**Activity**: Reproduce, character for character, the lines below from the first through the one with "全木质衣柜收藏着业主四季的色". Leave pictures out.

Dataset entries
· · · · · · ·

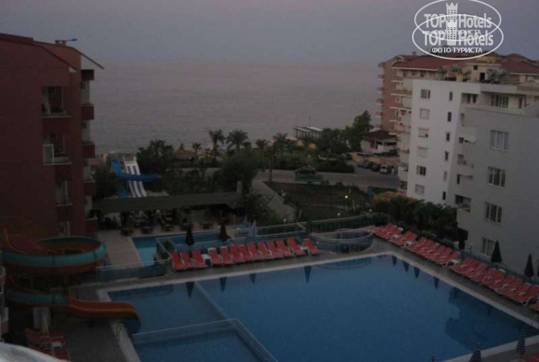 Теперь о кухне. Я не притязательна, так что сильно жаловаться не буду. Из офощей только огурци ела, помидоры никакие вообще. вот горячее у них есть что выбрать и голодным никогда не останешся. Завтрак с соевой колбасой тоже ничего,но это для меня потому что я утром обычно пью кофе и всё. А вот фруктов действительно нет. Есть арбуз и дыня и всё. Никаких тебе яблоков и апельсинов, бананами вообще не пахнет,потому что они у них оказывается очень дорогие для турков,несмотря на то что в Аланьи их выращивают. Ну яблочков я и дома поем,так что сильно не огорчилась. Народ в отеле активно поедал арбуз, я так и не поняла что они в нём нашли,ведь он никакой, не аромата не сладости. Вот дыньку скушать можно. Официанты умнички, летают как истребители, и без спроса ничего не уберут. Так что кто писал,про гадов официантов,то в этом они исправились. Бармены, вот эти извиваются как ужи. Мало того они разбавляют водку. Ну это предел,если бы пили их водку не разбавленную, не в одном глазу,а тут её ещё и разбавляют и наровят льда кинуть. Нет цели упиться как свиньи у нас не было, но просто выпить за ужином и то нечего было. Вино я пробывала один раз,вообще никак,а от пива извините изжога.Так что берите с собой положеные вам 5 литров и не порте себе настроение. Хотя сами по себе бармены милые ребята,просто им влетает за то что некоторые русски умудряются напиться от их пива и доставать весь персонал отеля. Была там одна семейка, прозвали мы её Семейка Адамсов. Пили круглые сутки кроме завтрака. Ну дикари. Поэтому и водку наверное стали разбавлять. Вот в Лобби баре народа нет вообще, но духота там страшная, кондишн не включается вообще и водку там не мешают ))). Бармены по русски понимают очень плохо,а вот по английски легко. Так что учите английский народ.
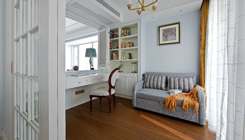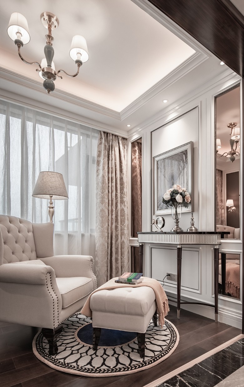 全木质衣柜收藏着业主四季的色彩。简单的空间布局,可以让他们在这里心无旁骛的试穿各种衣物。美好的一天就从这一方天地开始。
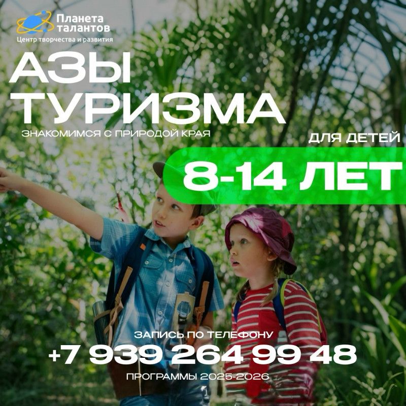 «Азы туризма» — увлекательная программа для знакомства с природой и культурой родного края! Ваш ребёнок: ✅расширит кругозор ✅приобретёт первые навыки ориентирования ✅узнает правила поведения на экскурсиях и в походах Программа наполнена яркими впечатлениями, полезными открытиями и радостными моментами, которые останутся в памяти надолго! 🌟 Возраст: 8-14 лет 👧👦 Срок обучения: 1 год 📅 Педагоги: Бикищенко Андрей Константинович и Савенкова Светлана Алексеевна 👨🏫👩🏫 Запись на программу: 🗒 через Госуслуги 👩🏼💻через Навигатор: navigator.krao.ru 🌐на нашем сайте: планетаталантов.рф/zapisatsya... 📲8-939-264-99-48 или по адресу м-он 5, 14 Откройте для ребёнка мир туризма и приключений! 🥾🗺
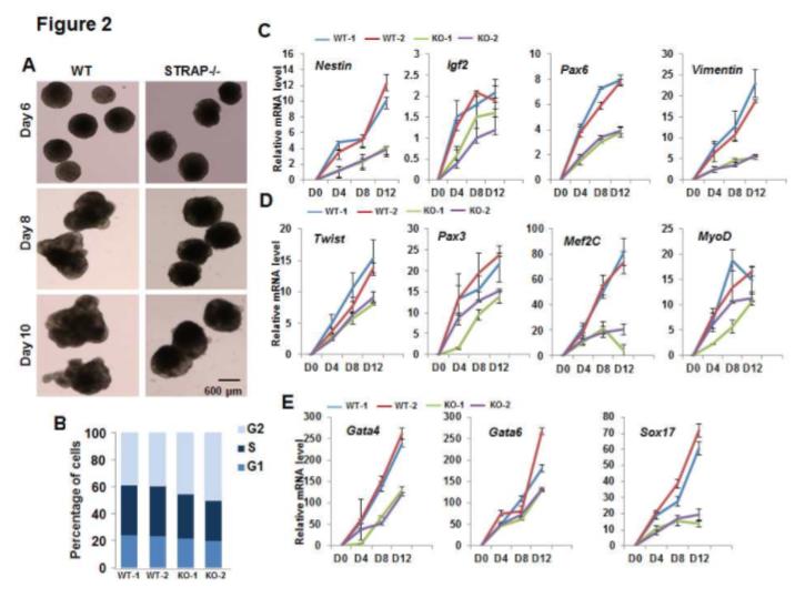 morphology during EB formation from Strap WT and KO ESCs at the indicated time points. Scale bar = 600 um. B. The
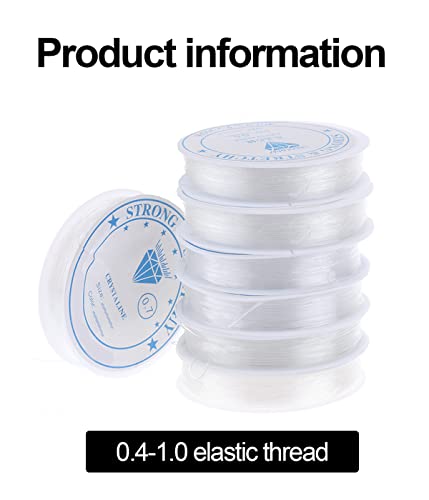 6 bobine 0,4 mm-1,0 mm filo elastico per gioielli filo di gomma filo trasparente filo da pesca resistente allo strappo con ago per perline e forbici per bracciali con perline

· · · · · · ·

**Result of the task**:
 Теперь о кухне. Я не притязательна, так что сильно жаловаться не буду. Из офощей только огурци ела, помидоры никакие вообще. вот горячее у них есть что выбрать и голодным никогда не останешся. Завтрак с соевой колбасой тоже ничего,но это для меня потому что я утром обычно пью кофе и всё. А вот фруктов действительно нет. Есть арбуз и дыня и всё. Никаких тебе яблоков и апельсинов, бананами вообще не пахнет,потому что они у них оказывается очень дорогие для турков,несмотря на то что в Аланьи их выращивают. Ну яблочков я и дома поем,так что сильно не огорчилась. Народ в отеле активно поедал арбуз, я так и не поняла что они в нём нашли,ведь он никакой, не аромата не сладости. Вот дыньку скушать можно. Официанты умнички, летают как истребители, и без спроса ничего не уберут. Так что кто писал,про гадов официантов,то в этом они исправились. Бармены, вот эти извиваются как ужи. Мало того они разбавляют водку. Ну это предел,если бы пили их водку не разбавленную, не в одном глазу,а тут её ещё и разбавляют и наровят льда кинуть. Нет цели упиться как свиньи у нас не было, но просто выпить за ужином и то нечего было. Вино я пробывала один раз,вообще никак,а от пива извините изжога.Так что берите с собой положеные вам 5 литров и не порте себе настроение. Хотя сами по себе бармены милые ребята,просто им влетает за то что некоторые русски умудряются напиться от их пива и доставать весь персонал отеля. Была там одна семейка, прозвали мы её Семейка Адамсов. Пили круглые сутки кроме завтрака. Ну дикари. Поэтому и водку наверное стали разбавлять. Вот в Лобби баре народа нет вообще, но духота там страшная, кондишн не включается вообще и водку там не мешают ))). Бармены по русски понимают очень плохо,а вот по английски легко. Так что учите английский народ.
 全木质衣柜收藏着业主四季的色彩。简单的空间布局,可以让他们在这里心无旁骛的试穿各种衣物。美好的一天就从这一方天地开始。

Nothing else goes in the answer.